I know that this country is polarized. There is a difference between hate and love, fear and trust, good and bad. I will always be on the Light Side of the Force.
I live in an area of PA that is diverse in population. Despite the numerous prosocial rallies and vigils in my county, I have sadly driven past signs that encourage the re-election of those whose thoughts, words, actions, and policies have torn asunder a country whose aspirations have not fully come to fruition. #45 is all about ‘me’ and #46 is all about ‘we’. I want to stop by and knock on the door and ask them why, but I fear repercussions. I don’t want to demonize anyone for their beliefs. For me, it is not a case of ‘to each his or her own’. It is not about ‘my views vs. yours’. It is literally about the survival of the species.

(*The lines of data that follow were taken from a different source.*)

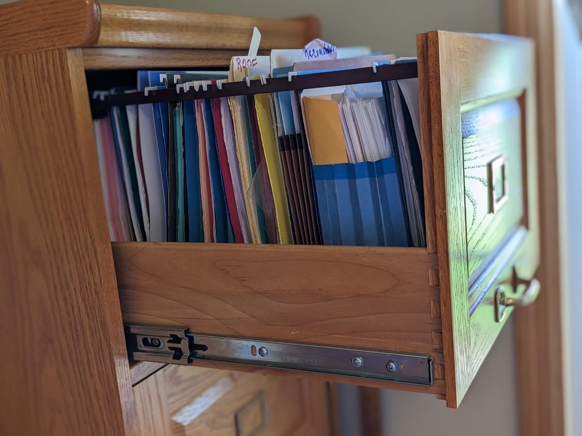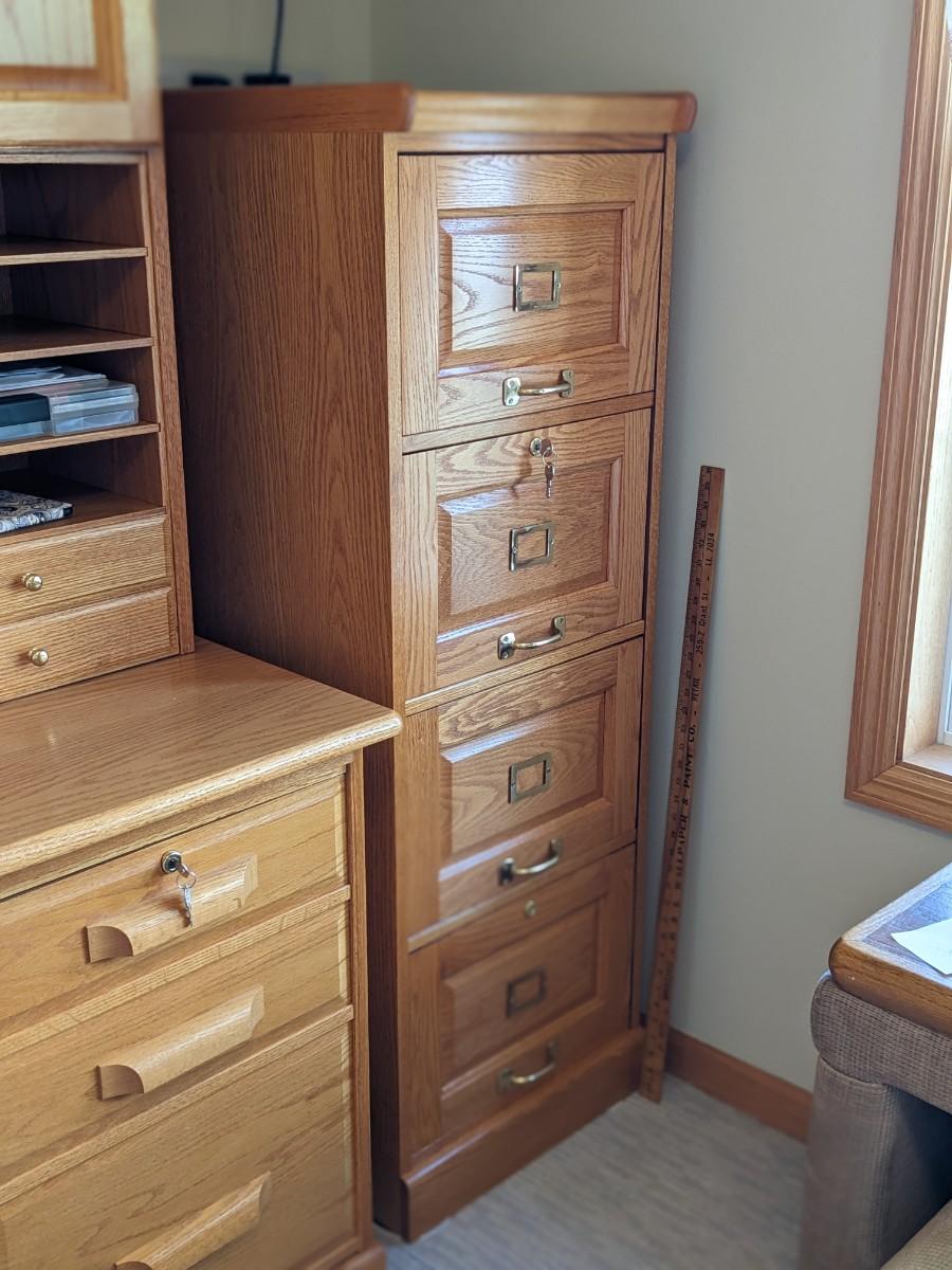Solid unit, quality grade pulls and glides. If downsizing paper, this would make a tasteful storage to secure items.
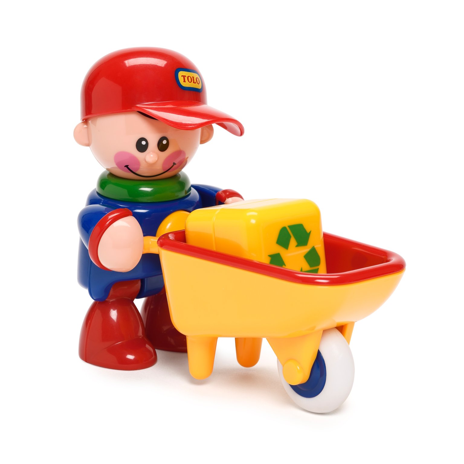 L'ensemble La maison tolo et figurines Tri comprend une maison qui s'ouvre sur un jardin gigogne, des meubles, une pompe à chaleur, une brouette, des bacs de recyclage, une famille First Friends, des animaux de compagnie et un arbre fruitier.
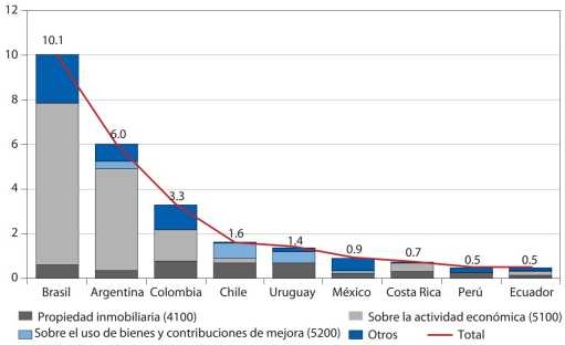 En este sentido, la gráfica 1 muestra los pobres niveles de recaudación de impuestos de los gobiernos subnacionales en México. En relación con el porcentaje del pib, los ingresos tributarios se ubican por debajo de 1 por ciento, cifra que es considerablemente inferior a lo logrado en Brasil (10.1%), Argentina (6%), Colombia (3.3%), Chile (1.6%) y Uruguay (1.4%).
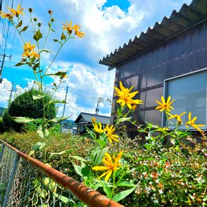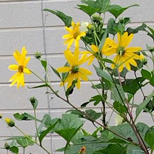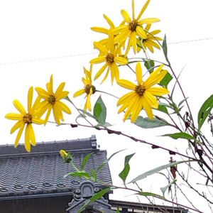 ☆庭のお花達☆ キクイモの花のようです 昨年、花が終わった頃 枯れた長い茎に根っこが ついたのを頂き、小さな お花のひまわり🌻だと思い、 南の隅っこに茎を短く✂️し、 植えてみました〜 夏に茎2本、長く伸び、 下葉が枯れていて、 お花を諦めていたら、 今漸く咲きました〜 水不足だったのかもですね? ググってみたら、キクイモとか 食べれるらしいけど🤔 これは畑に植える物ですねー 私はお花だけ生け花で 楽しみます〜
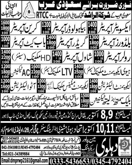 Dahlawi Manpower Recruiting latest Overseas Industrial jobs and others can be applied till 11 October 2022 or as per closing date in newspaper ad. Read complete ad online to know how to apply on latest Dahlawi Manpower Recruiting job opportunities. Salary varies from 172000. Overtime is allowed. Employer provides transport, medical and accommodation facility.
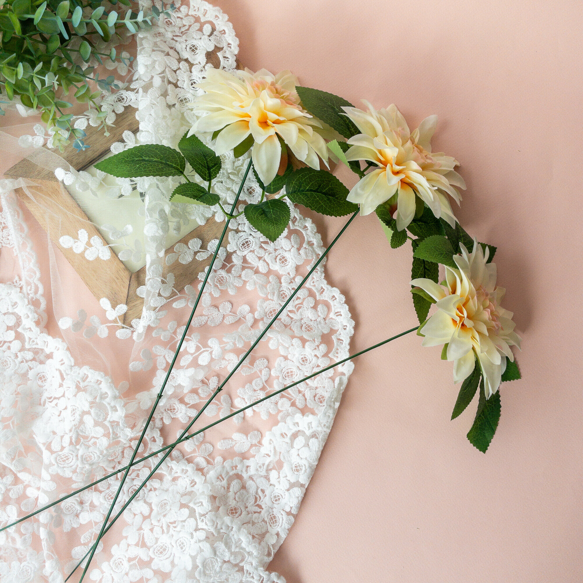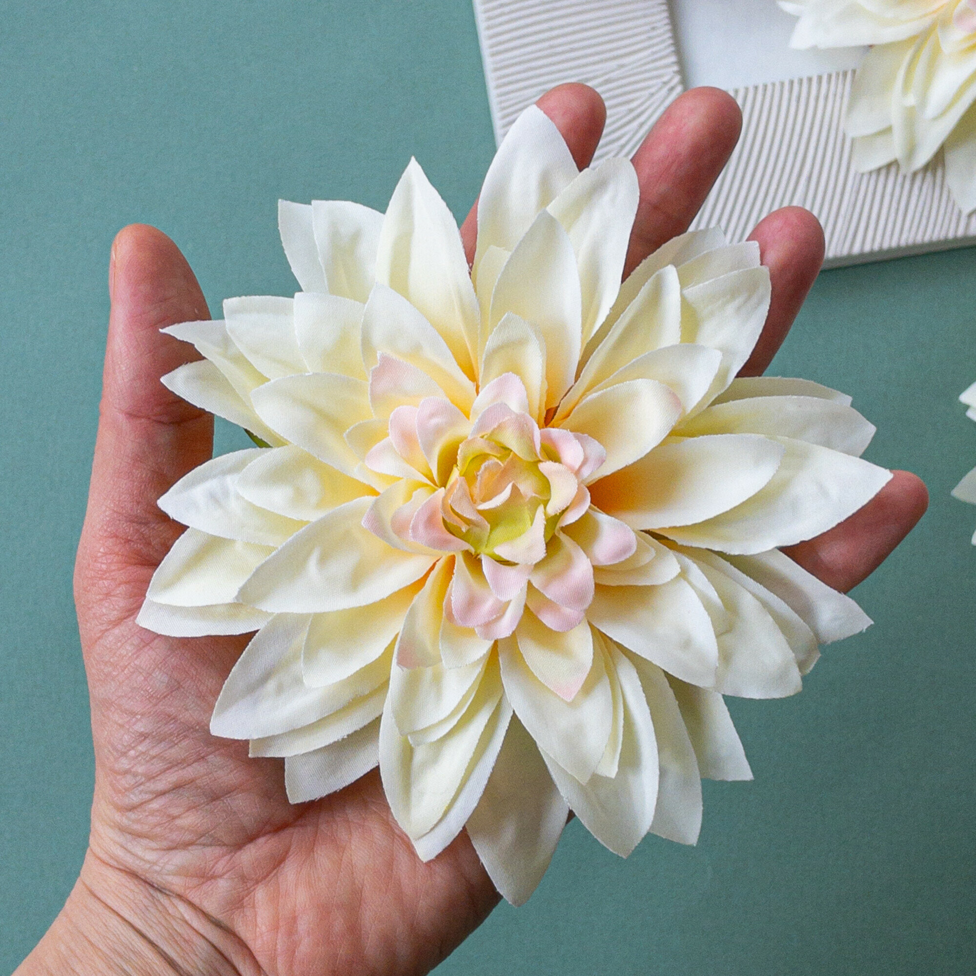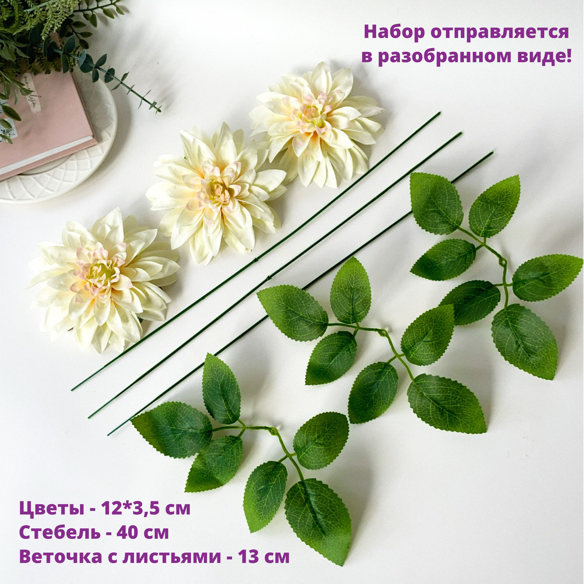 Купить Георгины цветы искусственные, для свадебного декора, Молочные, цветы 12 см, в наборе 3 шт

Sadly, I unfriended a former teacher of mine whose posts are so vile and hateful that I couldn’t wrap my mind around it. The most recent was that protestors who blocked traffic should be arrested or (not sure if she said it or someone else on her page did) should be run over. I am appalled at someone who was such a positive influence in my childhood could espouse the beliefs that she does. I wish I could call her on it. I have thought about it, but I don’t want to go down the rabbit hole with hearing her talk about respect for the country, the flag, veterans, and the police. The reality is, I do respect them all. It is possible to be a tree-hugging, progressive peacemonger and hold the beliefs that respect needs to be earned.
I asked friends what kind of country they want. Their responses were filled with reasonable requests.
“A country where every person has enough. Food, insurance, shelter, education.”
“One filled with peace, love, and acceptance.”
“I want us to be united again. When it gets down to it, we all want the same things: safety, good health, and access to good, affordable care, food and shelter, education that is affordable, opportunities for purposeful work, and living wages. We’re not that different. We need leadership that will bring us back together. Much less anger would be good for all of us.”
“Kind, compassionate, diverse, and inclusive. Teach all history..learn from mis-takes”
“I want an America that has an education system that teaches critical thinking skills in every level layer and aspect so people can see the difference between someone telling them what to think and someone who is telling them the information they need to know to decide what to think.”
“A kinder president like Steph Curry’s daughter said that will work with experts to truly fix America’s problems using the billionaires’ tax cuts from Trump as Mike Bloomberg shared.”
For me, it isn’t ‘my country, right or wrong.’ but rather in the words of Senator Carl Schurz that echo through the ages, “My country, right or wrong; if right, to be kept right; and if wrong, to be set right.”